--- Data listing ---

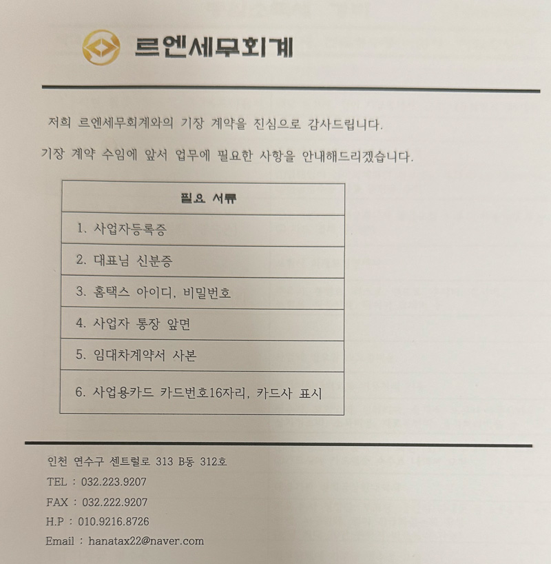 개인적으로 세무사 판단 기준은 친절하고 꼼꼼한 업무 처리라 생각하기 때문에 이번에 변경한 세무사가 정말 마음에 들어 이번 글을 작성하게 되었고, 초기 서류 제공도 간략해 만족도가 높습니다.
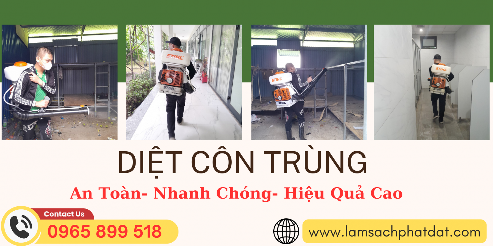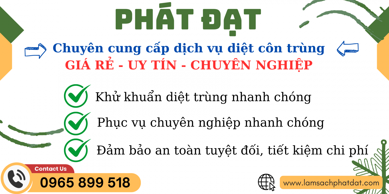 Chỉ cần một cuộc gọi, Phát Đạt sẽ có mặt ngay để đánh giá và đưa ra phương án diệt côn trùng phù hợp nhất. Không gian sống và làm việc của bạn sẽ lại trở nên thông thoáng, sạch sẽ ngay trong thời gian sớm nhất.
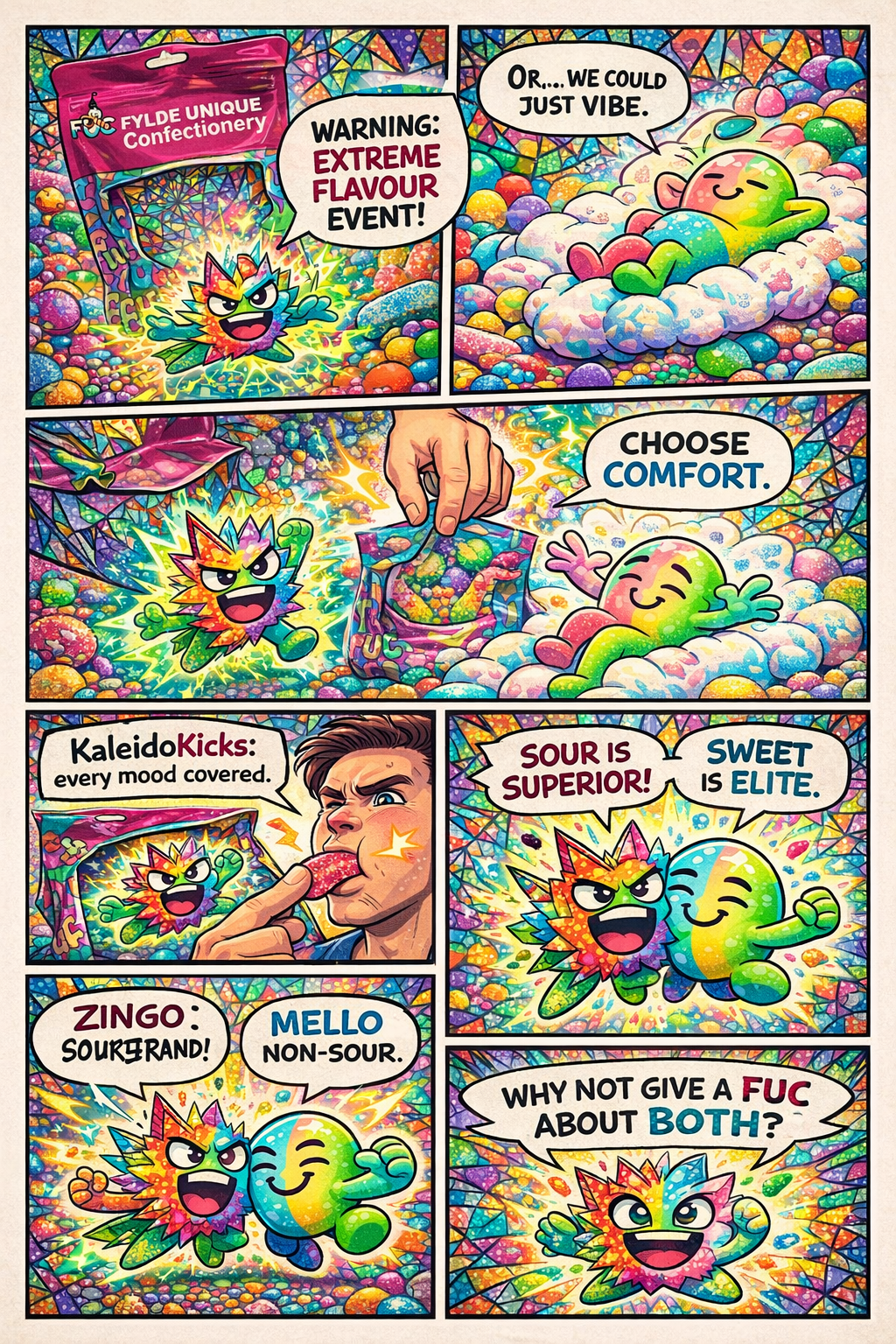 These aren’t your basic sweeties — Kaleidokicks are a neon riot of mouth-puckering mayhem. A wild mix of sour flavors that don’t wait for permission and never say sorry. Each bite slaps harder than your ex’s excuses.
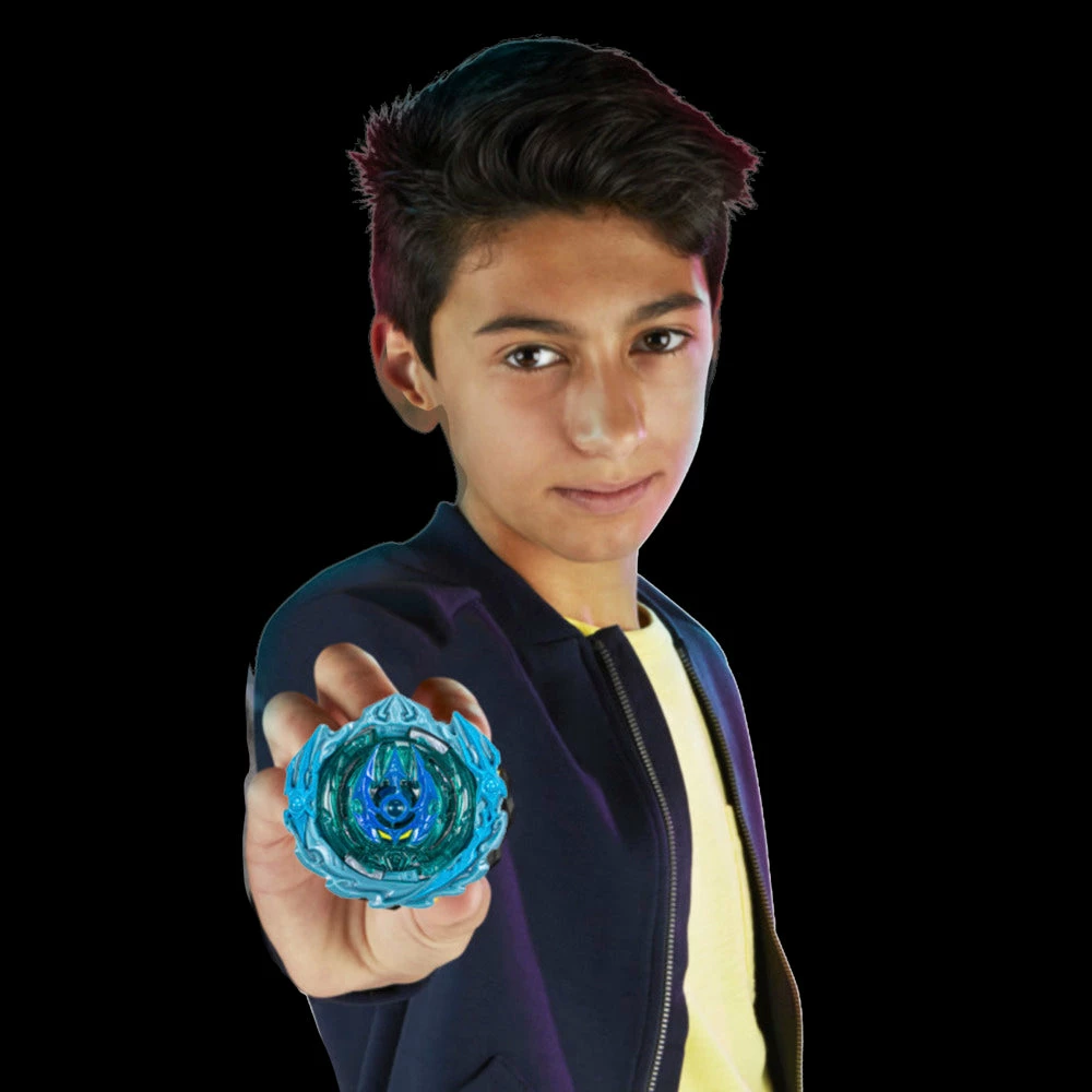 Train to become champion of the arena with right-spin Beyblade Burst QuadStrike Hydra Poseidon P8 G05 QD01 TD21-Q B06 top and launcher. Customize the top to Core and Apex mode for defence type or to Core+ and Apex+ mode for balance type. Unleash the energy of QuadStrike tech in the QuadStrike Beystadium (Beystadium sold separately, subject to availability). Scan code on tops to unleash your top in a virtual battle in the Beyblade Burst app!
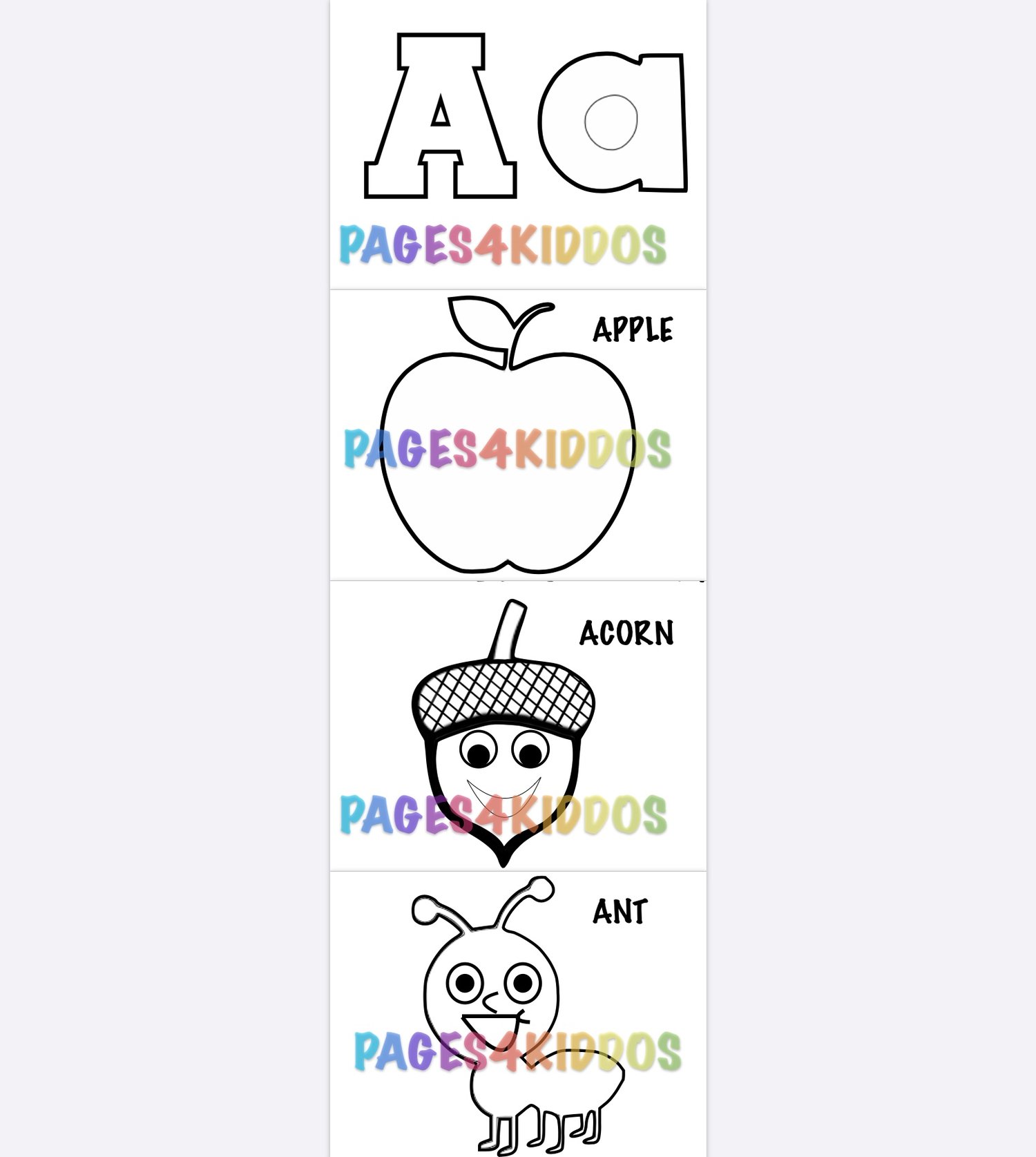 Letter A And Words That Start With A! 4page package START YOUR KID AHEAD WITH PAGES4KIDDOS

---

# What you should do
Retype each entry exactly as it appears, excluding any image.

# Result
 개인적으로 세무사 판단 기준은 친절하고 꼼꼼한 업무 처리라 생각하기 때문에 이번에 변경한 세무사가 정말 마음에 들어 이번 글을 작성하게 되었고, 초기 서류 제공도 간략해 만족도가 높습니다.
 Chỉ cần một cuộc gọi, Phát Đạt sẽ có mặt ngay để đánh giá và đưa ra phương án diệt côn trùng phù hợp nhất. Không gian sống và làm việc của bạn sẽ lại trở nên thông thoáng, sạch sẽ ngay trong thời gian sớm nhất.
 These aren’t your basic sweeties — Kaleidokicks are a neon riot of mouth-puckering mayhem. A wild mix of sour flavors that don’t wait for permission and never say sorry. Each bite slaps harder than your ex’s excuses.
 Train to become champion of the arena with right-spin Beyblade Burst QuadStrike Hydra Poseidon P8 G05 QD01 TD21-Q B06 top and launcher. Customize the top to Core and Apex mode for defence type or to Core+ and Apex+ mode for balance type. Unleash the energy of QuadStrike tech in the QuadStrike Beystadium (Beystadium sold separately, subject to availability). Scan code on tops to unleash your top in a virtual battle in the Beyblade Burst app!
 Letter A And Words That Start With A! 4page package START YOUR KID AHEAD WITH PAGES4KIDDOS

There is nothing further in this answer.